Also, in our cohort of patients, treatment failure was associated (P < 0.05) with elevated liver enzymes (ALT, AST, and ALP) and bilirubin levels and decreased platelets count and serum albumin levels. Also, the increase in liver stiffness (fibrosis) was associated with treatment failure as non-responders had higher (P = 0.0001) values of APRI and FIB-4 scores than responders participants. Former studies found that the severity of hepatic dysfunction may affect the response rate to DAAs[21]. In similar large cohort of Egyptian patients, Omar et al[20] found that patients who achieved SVR were had lower liver enzymes activity, decreased bilirubin levels, lower FIB-4 score and higher albumin levels and platelets count. Other studies reported that the increase in liver fibrosis was associated with decreased SVR rates in HCV genotype 4 treated with SOF/DCV[22].

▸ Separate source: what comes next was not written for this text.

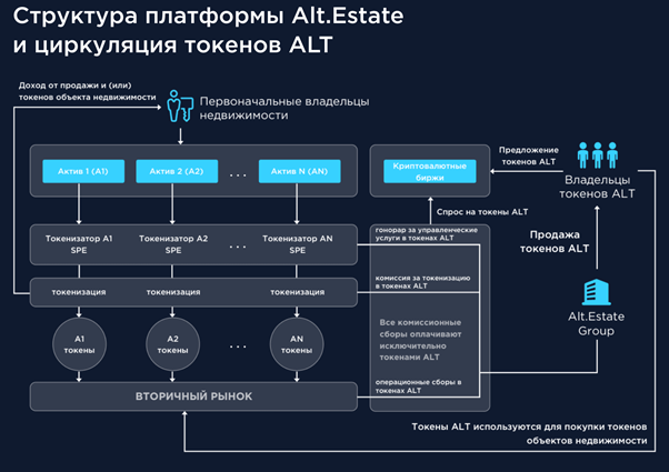 Платформа Alt.Estate является площадкой для торговли недвижимостью на первичном и вторичном рынках. Блокчейн-протокол упрощает и ускоряет эти процессы, поэтому пример Алексея вполне реален. Блокчейн позволяет снизить транзакционные издержки с 30% до 2%, а также их время: если раньше это занимало несколько недель, то теперь все можно сделать в 1 клик. Информация загружается в IFPS, что обеспечивает прозрачность прав владельцев ALT токенов, там же сохранены договоры купли-продажи и правила использования недвижимости.
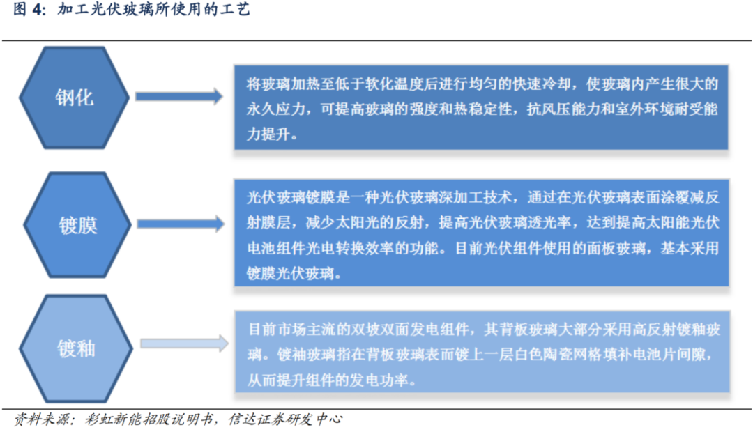 在制备光伏玻璃过程中为达到高强度、高透光和高耐候性的特点,需采用钢化、镀膜和镀釉等工艺。相较于普通玻璃,光伏玻璃的含铁量更低、承受温度更高、透光性、抗冲击性与耐腐蚀性更强。

Although some studies demonstrated that HCV treatment with DAAs, in a significant number of patients, may be associated with reversal of hepatic fibrosis and inflammation[23], almost there was no study regarding the role of fibrogensis markers in treatment response to DAAs. This study revealed that baseline serum levels of HA (P < 0.0001) and PIIINP (P = 0.0003) were distinctly higher in non-responders than responders patients and both of them had a good ability for treatment success (SVR24) prediction (AUC of 0.766 for HA and 0.684 for PIIINP).

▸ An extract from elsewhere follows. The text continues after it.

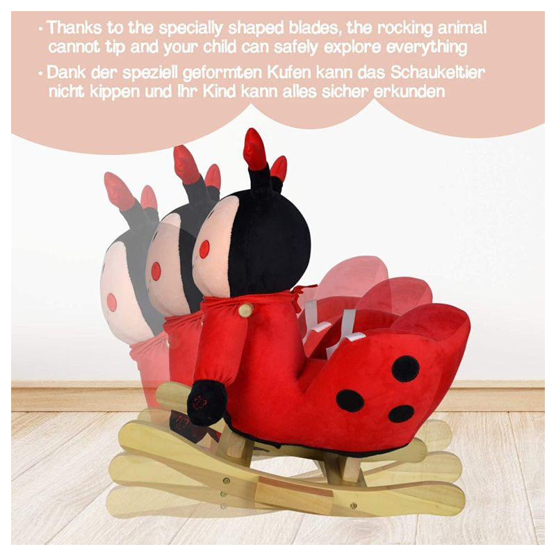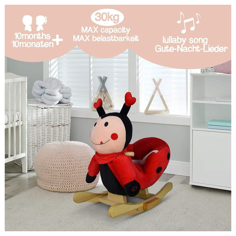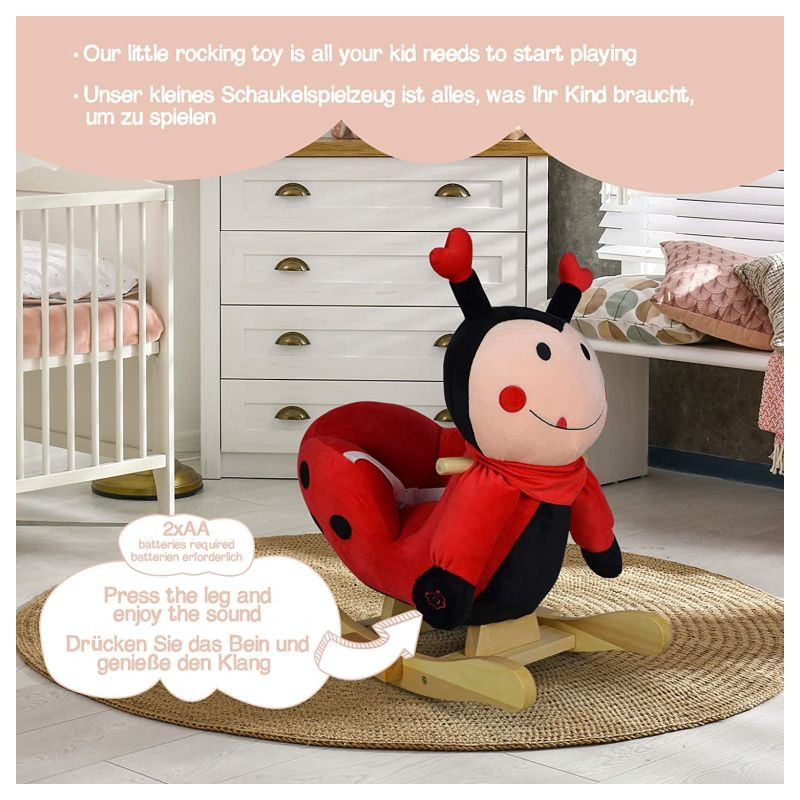 Naša malá hojdacia hračka môže byť dokonalým spoločníkom pre Vaše dieťa a jeho cestou do sveta kreatívnej hry a fantázie. Hojdacia lienka je vybavená nastaviteľným bezpečnostným pásom a má dve praktické držadlá, ktoré udržujú rovnováhu, a opierky nôh, ktoré zaisťujú stabilitu. Trojstranný útulný priestor na sedenie a navyše hudobné funkcie - Vaše dieťa nepotrebuje viac, aby si mohlo začať hrať.

In virologic non-responder patients to IFN-α therapy, Leroy et al[11] reported that non-responder patients did not achieve histological scores improvement after therapy. They found that elevated HA and PIIINP levels were associated with treatment failure and IFN-α therapy is unable to reduce their levels and remained unchanged during follow-up[11]. Despite our study that focused on the prediction of treatment success, Leroy study focused on the changes and improvements in histological lesions before and after treatment and used HA and PIIINP as fibrogenesis markers to reveal the improvements in liver fibrosis. Also, the HCV treatment used in this study is based on DAA INF free regimen despite IFN-α therapy in Leroy et al’s study[11]. Moreover, Trocme et al[24], evaluated two fibrosis models, one included PIIINP and the other included HA, in CHC patients treated by IFN-α and ribavirin. Compared to non-responder patients, they found that values of each index significantly decreased in responders[24].

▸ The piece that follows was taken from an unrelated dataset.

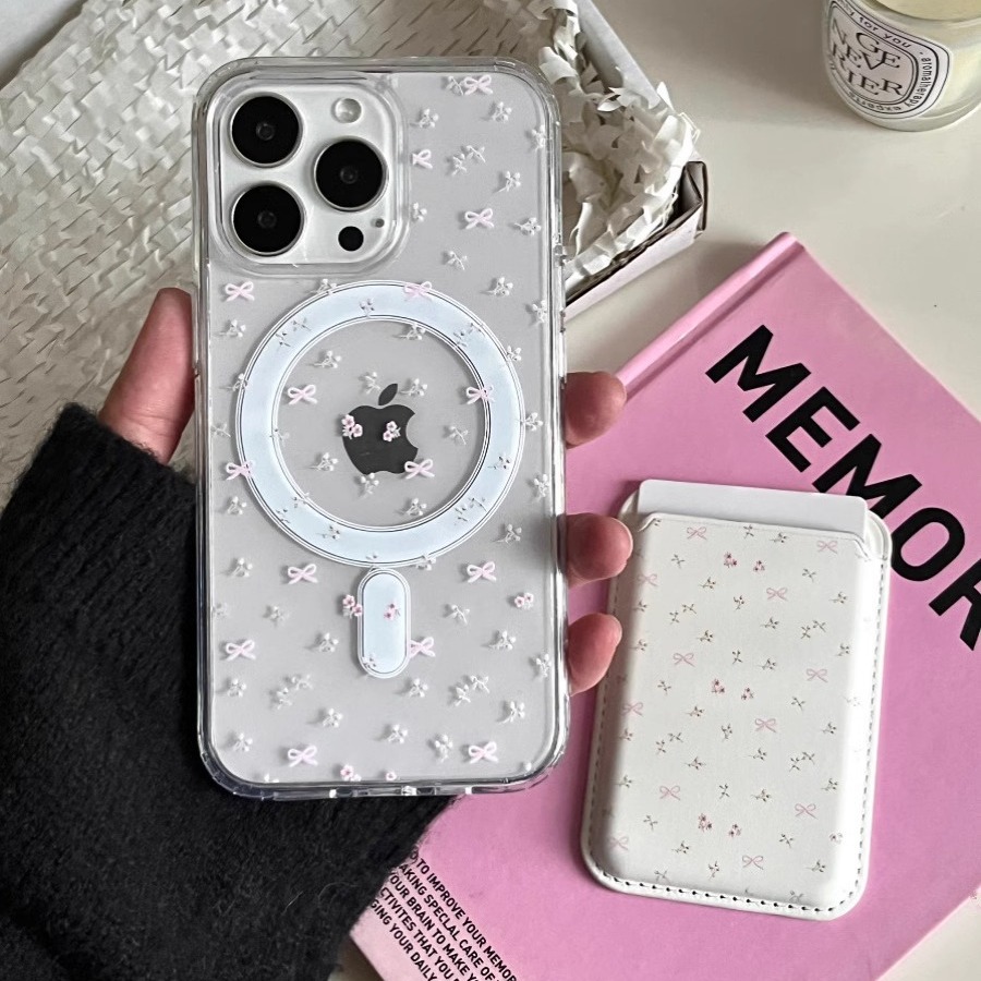 日本と韓国に適した iPhone16ProMax Apple 13 リボンフラワー磁気カードホルダー PU レザー携帯電話ケース 14
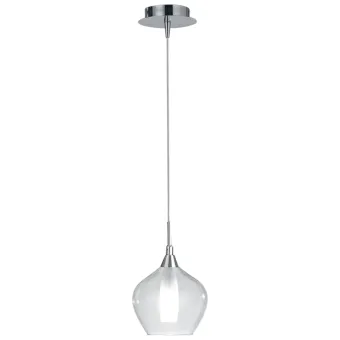 Aus der Zubehörlinie für Innenbeleuchtung, Pendelleuchte aus der Blinder-Serie. Ein moderner und funktionaler Kronleuchter, der nicht unbemerkt bleiben möchte, aber dank der technischen Lösung der doppelten Glaskammer, der äußeren transparent und der inneren weiß satiniert, gleichzeitig die breiteste Lichtstreuung bietet. Das Design wird durch das Vorhandensein glänzender verchromter Metalldetails zusätzlich bereichert.

In this study, logistic regression analysis revealed that the most parsimonious predictive model for treatment success is HA × PIIINP with the highest predictive ability (AUC = 0.809). This model demonstrated diagnostic performances superior to each marker alone with good sensitivity (74.7%), specificity (74%), PPV (68.3%), NPV (79.6%) and accuracy (74.3%). Given treatment failure low incidence for DAAs, PPV was low as expected[25]. These performances were comparable to other predictive markers for DAAs treatment success in such Egyptian patients with HCV genotype 4. For example, the microRNA-122 showed AUC of 0.729, sensitivity of 60.34% and specificity of 66.67% in predicting the occurrence of SVR in such HCV Egyptian patients[16].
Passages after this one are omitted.